LONDON (Reuters) – Global stock markets sank on Monday as soaring COVID-19 cases offset investor hopes of a quick economic recovery, while the Chinese economy posted a better-than-expected rebound in the fourth quarter of 2020.
European stocks as measured by the STOXX 600 index opened 0.3% weaker, after failed merger talks between French retailer Carrefour and Alimentation Couche-Tard. [.EU]
Germany’s DAX fell 0.2%, France’s CAC 40 index fell 0.3% and Italy’s FTSE MIB index slipped 0.3%. Britain’s FTSE 100 index fell 0.1%.
In Asia, Chinese blue chips gained 0.8% after the economy was reported to have grown 6.5% in the fourth quarter, on a year earlier, topping forecasts of 6.1%.
Industrial production for December also beat estimates, though retail sales missed the mark.
“The recovery in domestic demand still lacks a solid backing,” said Lauri Hälikkä, fixed income and FX strategist at SEB. “Sporadic virus outbreaks have intensified downside risks in the near term.”
Hallika said the impact of the latest regional lockdowns and mass testing is likely to be limited and short-lived.
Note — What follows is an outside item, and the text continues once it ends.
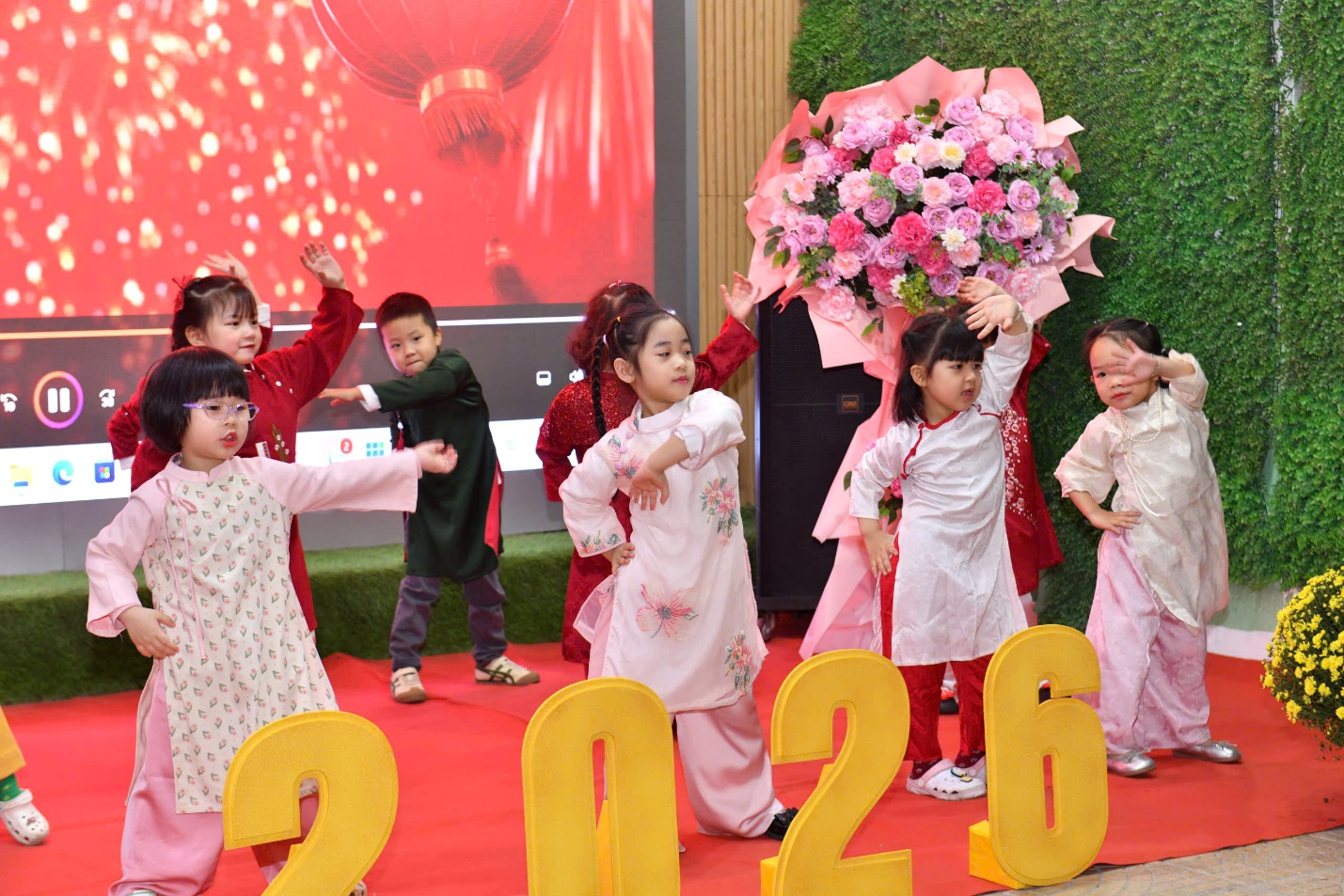 Mở đầu chương trình của chuỗi “ Chào Xuân Bính Ngọ 2026” là: Lễ hội Áo dài – Tôn vinh vẻ đẹp truyền thống. Được tổ chức vào ngày 05/02/2026. Nơi các bé được khoác lên mình những bộ áo dài truyền thống rực rỡ sắc xuân. Trong không khí vui tươi, các con còn được hòa mình vào không gian nghệ thuật với các tiết mục biểu diễn văn nghệ đăch sắc và màn trình diễn áo dài vô cùng tự tin. Đặc biệt, hoạt động múa sạp mang đến những tiếng cười rộn rã và trải nghiệm văn hóa vùng miền độc đáo cho các con.

The pick-up in China was a marked contrast to the United States and Europe, where the spread of coronavirus has hit consumer spending, underlined by dismal U.S. retail sales reported on Friday.
Poor U.S. consumer spending data last week helped Treasuries pare some of their recent steep losses and 10-year yields were trading at 1.087%, down from last week’s top of 1.187%.
The more sober mood in turn boosted the safe-haven U.S. dollar, catching a bearish market deeply short. Speculators increased their net short dollar position to the largest since May 2011 in the week ended Jan. 12.
Also evident are doubts about how much of U.S. President-elect Joe Biden’s stimulus package will make it through Congress given Republican opposition, and the risk of more violence at his inauguration on Wednesday.
Elsewhere in Asian markets, Japan’s Nikkei slipped 0.8% and away from a 30-year high.
MSCI’S All Country World Index, which tracks stocks across 49 countries, fell 0.1%, down for a second session after hitting record highs only last week.
E-Mini futures for the S&P 500 dipped 0.2%, though Wall Street will be closed on Monday for a holiday.
Investors have discussed the question of whether markets are in or may be headed for a bubble.
In a monthly letter to clients last week, Mark Haefele, chief investment officer at UBS Global Wealth Management said all of the preconditions for a bubble are in place.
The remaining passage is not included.